IPAはホップを大量に使うので、その香り高い苦味がいいのですけど、ホップの種類によって大きく風味がかわります。人気のものはCitra ホップと呼ばれるタイプを使ったもののようで、このホップに含まれる柑橘系成分の爽やかな風味が最近は特に好まれているようで、多くのクラフトビール メーカーのIPAはこの手の味のものが多いです。
最近飲んだ大量生産のIPAで、なかなか良かったと思ったのは、Lagunitasというカリフォルニアの会社の作った"Little Sumpin' Sumpin' Ale"というIPAです。
"Sumpin'"は"Something"が訛ったもので、"little sumpin' sumpin'" は、快楽をもたらすようなちょっとしたもの、という意味で、酒とか性行為とかクスリとかを暗示する言葉のようです。ちなみにこの会社は現在ハイネケンに買収された模様です。
このIPAの特徴は、大麦と小麦を半々で作っていることで、綺麗な透明感のある黄金色にきめ細かな泡立ち、IPAでありながらラガービールのようにスムーズ、しかししっとりとしたシルキーな口当たり、ユニークなホップのおかげで、果汁の添加は一切ないのに、パイナップルとグレープフルーツ系の風味が効いた爽やかな一品です。

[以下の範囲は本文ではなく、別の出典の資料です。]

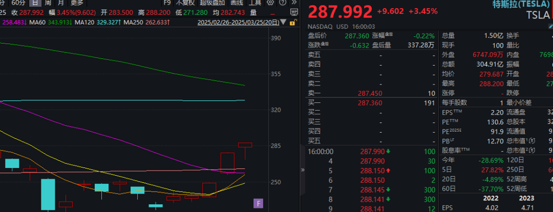 特斯拉涨超3%。最近5个交易日,特斯拉股价持续反弹,区间累计涨幅已超过20%。此前,在短短三个月的时间里,特斯拉股价自高位一度腰斩。
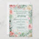 Uma colagem de rosas cor-de-rosa, pêssego e marfim, juntamente com folhas e botões, fazem uma fronteira bonito neste convite de casamento. Seu texto personalizado está em verde correspondente no centro em uma camada verde de menta semitransparente. A parte de trás do convite está combinando verde macio, com um spray de confete de ouro espumante no topo. Rosas estão sempre na moda para casamentos, e esse convite combina o velho favorito com um toque moderno. *Crédito de design Floral para CreativeQubeDesign.
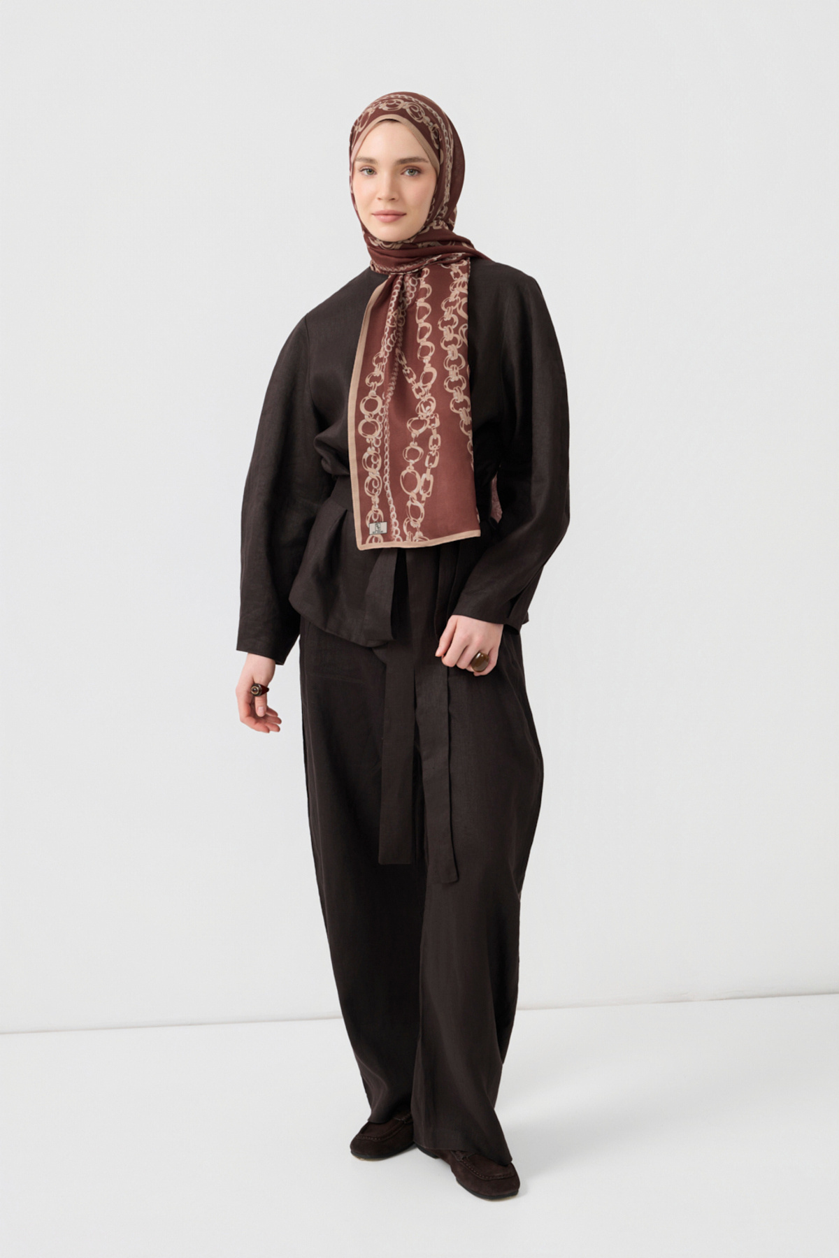 Cotton Twill Şal Loop Line Kızıl Kahve Cotton Twill Şal Loop Line Kızıl Kahve QF26KSAL002 70 x 185
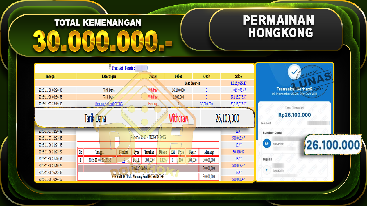 Bukti JP TOGEL HONGKONG – Yang kami berikan ini sah dan real tanpa di rekayasa bosku dan hanya bertujuan untuk meningkatkan kepercayaan member kami dan memberikan kenyamanan saat bermain jadi bosku tidak perlu khawatir MENANG BERAPAPUN PASTI KAMI BAYAR LUNAS!!
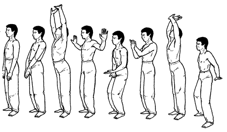 Согласно устной традиции эта школа возникла в древнем Китае из системы психофизического тренинга, известного в народе под названием «школа змеи и птицы». Но в своем настоящем виде оформилась в середине XIX века. Предлагаемый комплекс представляет собой законченную систему, проверенную многими поколениями. Все в нем глубоко увязано и в первую очередь – состав и последовательность упражнений. Правильно применяя их, вы сможете не только размять суставы, мышцы сухожилия, но и «проработать» кровеносную, нервную системы, внутренние органы. При нехватке времени на выполнение всего комплекса можно сократить количество упражнений, но это снижает эффективность занятий. Делая упражнение, концентрируйте внимание на самом движении или на рекомендуемых участках тела – это важный элемент в освоении искусства управления «внутренней энергией». Хотим подчеркнуть, что упражнения на растяжение сухожилий и мышц требуют особого контроля. Не допускайте сильной боли, однако надо иметь в виду, что нарастанию гибкости сопутствуют умеренные тянущие ощущения. Несколько советов по гигиене: – утром перед занятием обязательно выполните обычные утренние гигиенические процедуры; – не делайте упражнений, когда чувствуете сильный голод, и не ранее, чем через 1.5-2 часа после еды; – одежда должна быть свободной; при выполнении упражнений в перерывах на работе распустите ремень и галстук, расстегните ворот рубашки и снимите часы. Обычно по китайской традиции упражнения выполняют, стоя лицом на север. Запомните главное правило: соблюдайте постепенность в нагрузке, занимайтесь регулярно (лучше понемногу, но регулярно).
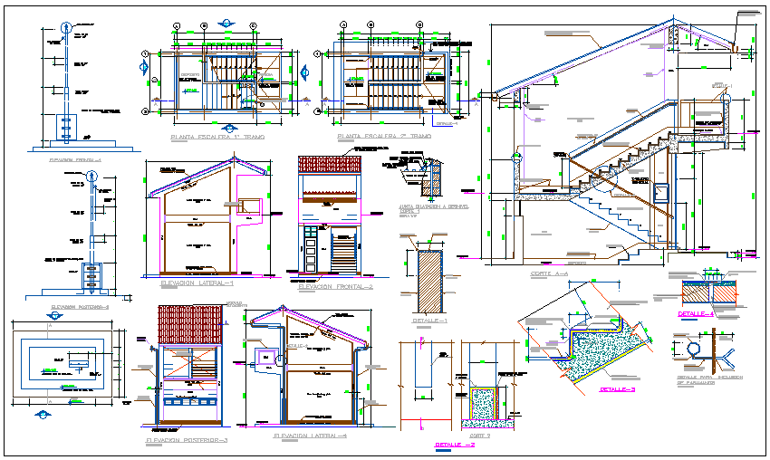 Plan,elevation and construction detail of school dwg file

そのフルーツ風味も適度なバランスがあり、ときにあるグレープフルーツジュースにアルコールと苦味を加えただけみたいな味ではなく、非常に上品な飲み口。そして爽やかな香りの後にはIPAらしい苦味が余韻を残します。アルコール度数は7.5%、値段も大量生産品でお手頃。南国の夏の涼しくなりかけたころに海風に吹かれながら夕日を見ているというセッティングを脳内で想像しつつ、一杯を楽しみます。
この会社は季節限定ものも合わせると50種類以上のビールを生産しているようですが、二、三、他のものも飲んでみた印象だと、基本的にグレープフルーツ系の風味が強いホップを使った流行の味のものが多く、その中で最もバランスがいいのが、この"Little Sumpin' Sumpin' Ale"だと思いました。ビール評価サイトでは、スコアは100点中93、アメリカンIPA分野部門で119位、総合2911位。大量生産ものに限れば、5指に入るのではと思います。

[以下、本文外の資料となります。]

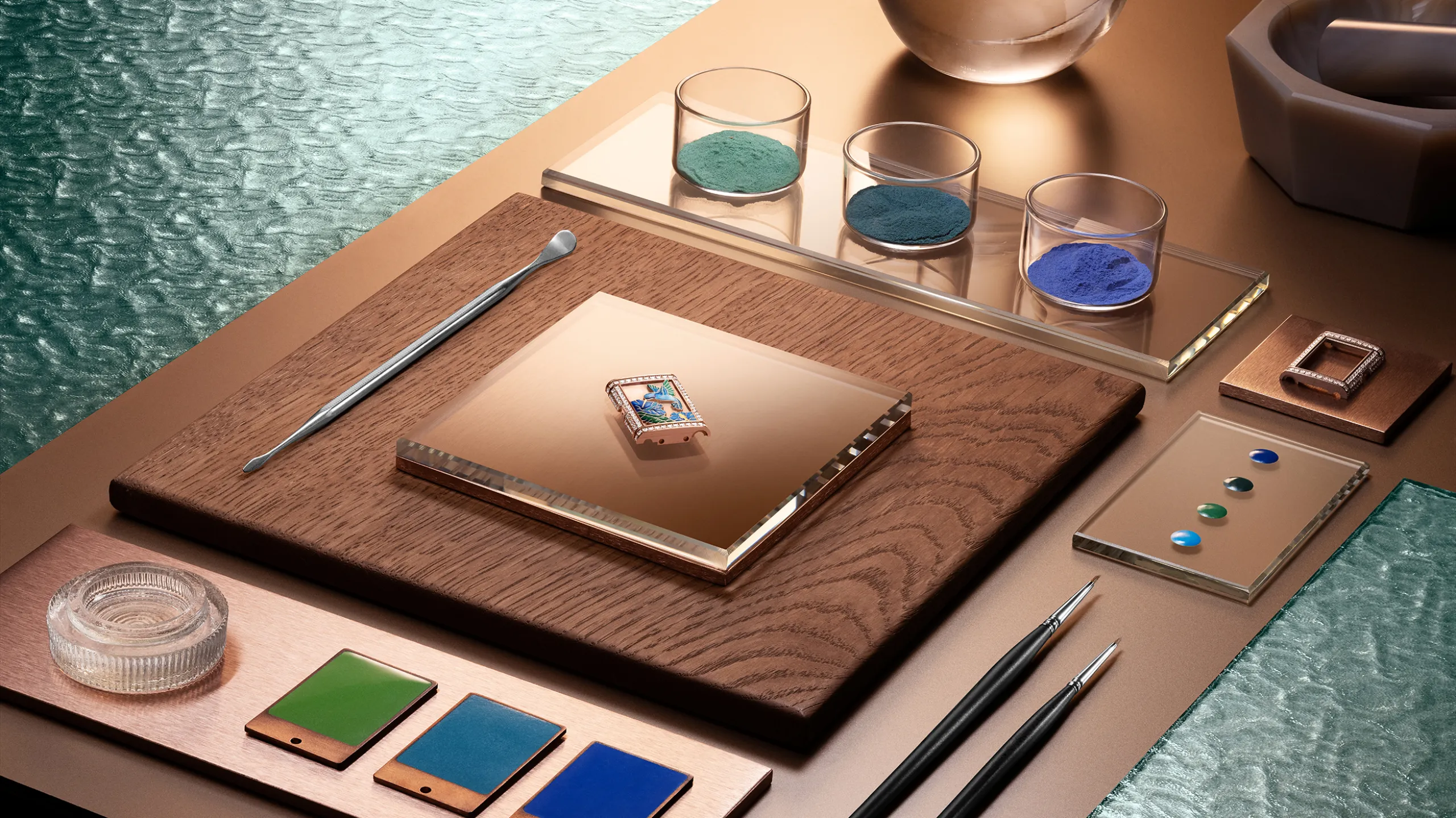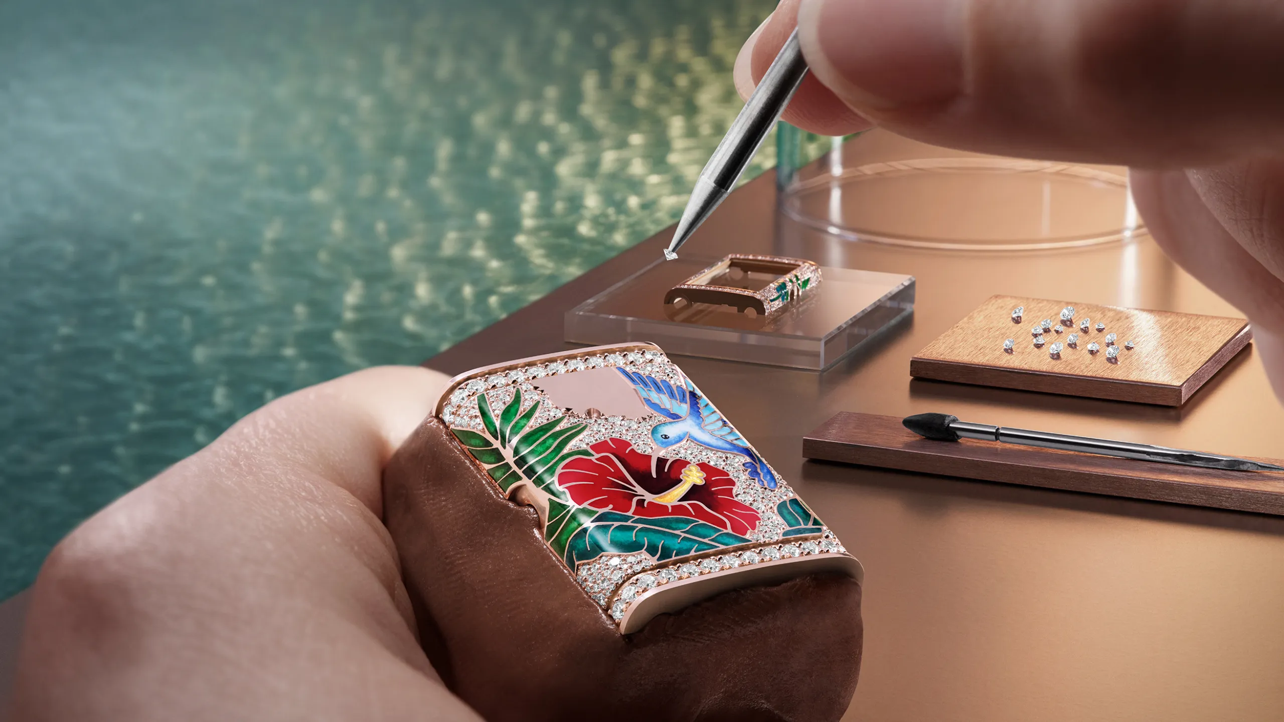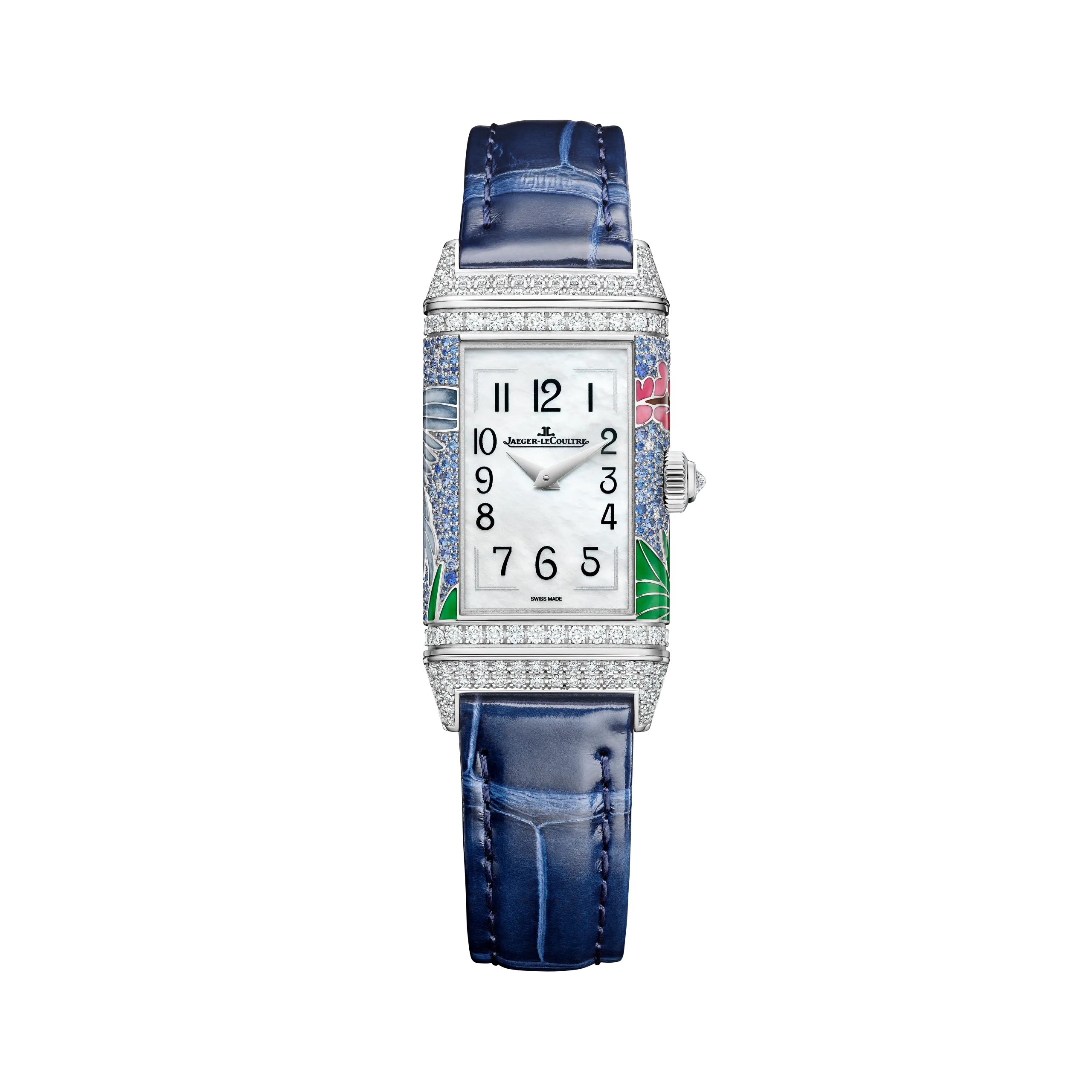 리베르소 원 히비스커스 시리아쿠스의 배경층에는 웨이브 패턴 인그레이빙 위에 블루 래커를 여러 겹 입혔고, 상단층에는 케이스 금속을 직접 파내는 샹르베 기법으로 새와 꽃을 조각한 뒤 그랑 푀 에나멜로 채워 넣었다. 새는 9가지 금속 산화물 안료를 사용한 미니어처 페인팅으로, 꽃잎은 불투명 및 반투명 에나멜 10가지 색상을 층층이 쌓아 그러데이션을 구현했다. 히비스커스 꽃술에는 24K 금박 파요네 에나멜을 더했다. 케이스에는 335개의 다이아몬드를 그레인 세팅했으며, 다이아몬드 세팅 브레이슬릿 버전을 선택할 경우 384개가 추가된다.

同評価サイトのアメリカンIPA部門で最も人気が高く、より評価が高かったのが、同じくカリフォルニアのBallast Point Brewing Companyの"Sculpin。
まだ飲んだことがないですけど、サイトによるとホップを5段階で加えるやりかたで、アプリコット、桃、マンゴー、レモンの風味をもち、カサゴ(Sculpin)のトゲの毒で刺すようなピリッとした苦味が特徴だそうです。欠点はLagunitasよりは高いのと流通が悪いので手に入りにくいことですか。

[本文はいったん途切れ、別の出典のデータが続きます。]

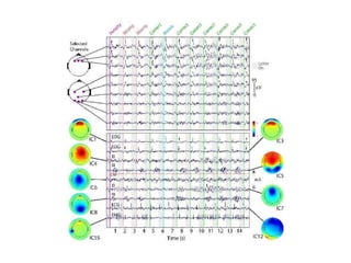 EEG artefacts arise from unwanted electrical activity from sources other than the brain, such as eye movements, muscle activity, and environmental noise. Identifying artefacts can be challenging as some resemble brain activity. Methods for removing artefacts include filtering, regression-based approaches, and independent component analysis, which transforms scalp channel data into spatially independent sources that may represent brain or non-brain activity. Careful inspection of component properties like scalp maps, time courses, and spectra is needed to classify them as representing brain activity or artefacts.
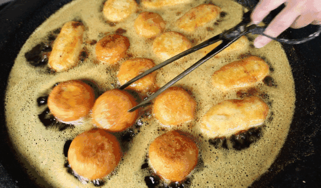 在金泽古镇,你可以品尝到自制肉馅的烧麦,据说配方都是独有的。还能吃到两种口味的油墩子,咸味的是肉馅,甜味的是豆沙馅。每天一早,店门前的油锅里就开始滋啦滋啦地炸着油墩子,一个个胖胖的个头很大。
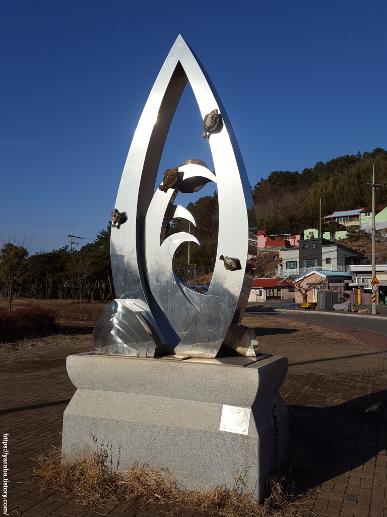 오랜 세월의 흔적이 있는 갯바위에 위에 있는 시멘트 기단과 동상이 조금은 뜬금없다 싶지만 1965년 은방울 자매가 불렀다는 "삼천포 아가씨" 노래를 소재로 세운 것이다. 석양빛을 받아 더욱 빛난다. 노래 가사를 보면 님을 그리워하는 삼천포 아가씨의 마을이 제대로 드러난다. 필자도 남해의 금산에 갔다가 삼천포에서 배를 타고 부산으로 간 적이 있었는데 그때의 추억을 떠오르게 하는 노래다.
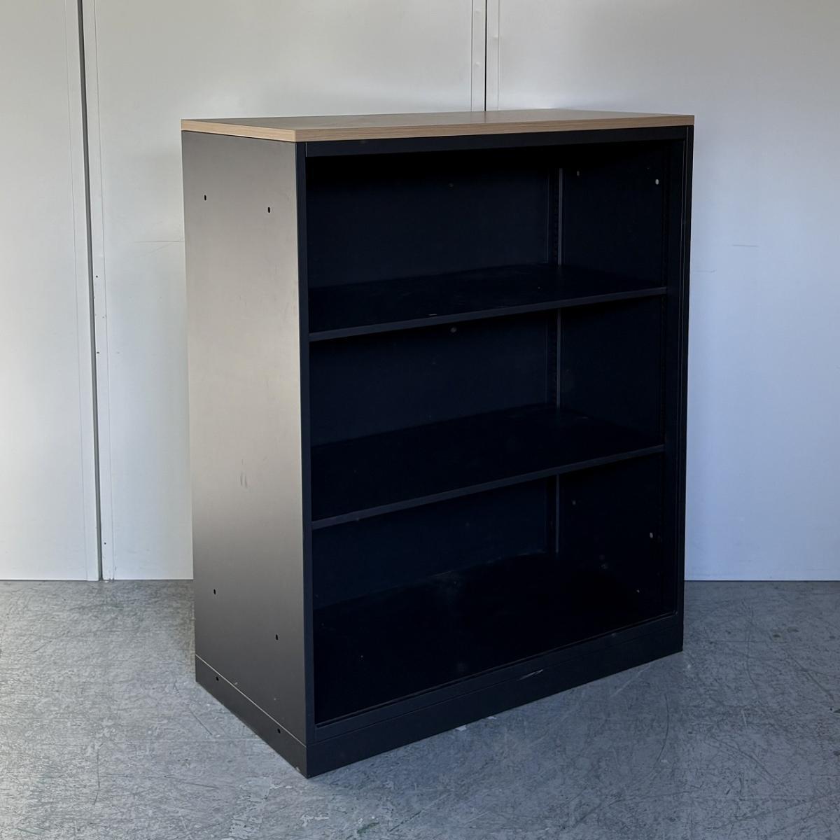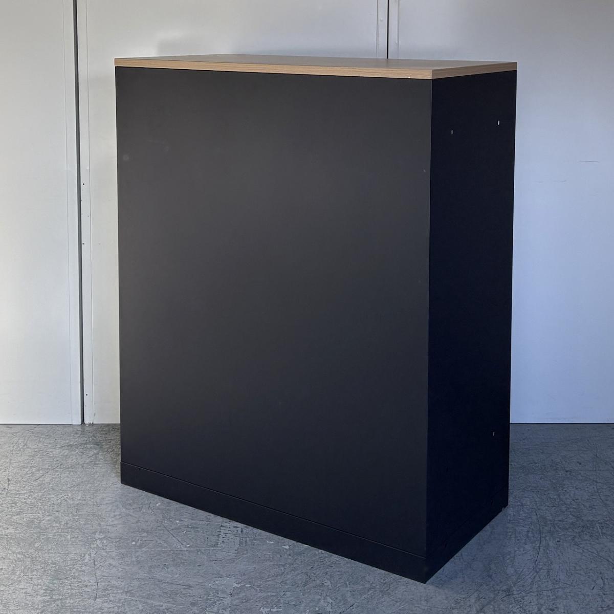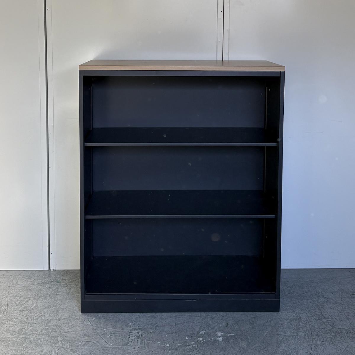 【在庫セール品・1台限定】【T3】■イトーキ(ITOKI)製 エスキャビネット(eS)シリーズ オープン書庫 ローキャビネット W900×D450㎜ ■本体:ブラック/天板:木目ナチュラル【見える化とコスパにフォーカスしたオープン書庫! レアなブラックカラーで入荷!】- 新大阪店

何千とあるビールの中で、もっとも不味いと評価されたのは、バドワイザー セレクト。スコア51。でしょうね。それからこのサイトでは、日本の大量生産ビールは総じてあまり評価は高くなく、最も評判がよかったのがアサヒの黒生で80ポイント。数ある日本のクラフトビールでは、評価されたものは限られていますが、その中では沼津にあるベアード ビール(Baird Brewery)のいくつかは高評価を受けており、駿河湾インペリアルIPAが87ポイント。それから伊勢角屋麦酒のIPAが84ポイント。
しかし酒税の関係で日本はビールが高いのが悲しいですね。アメリカで買えば、安くてまずいバドワイザーなら一本100円、Lagunitasでも一本150円程度、日本ではこの類のビールはその3倍はしますし。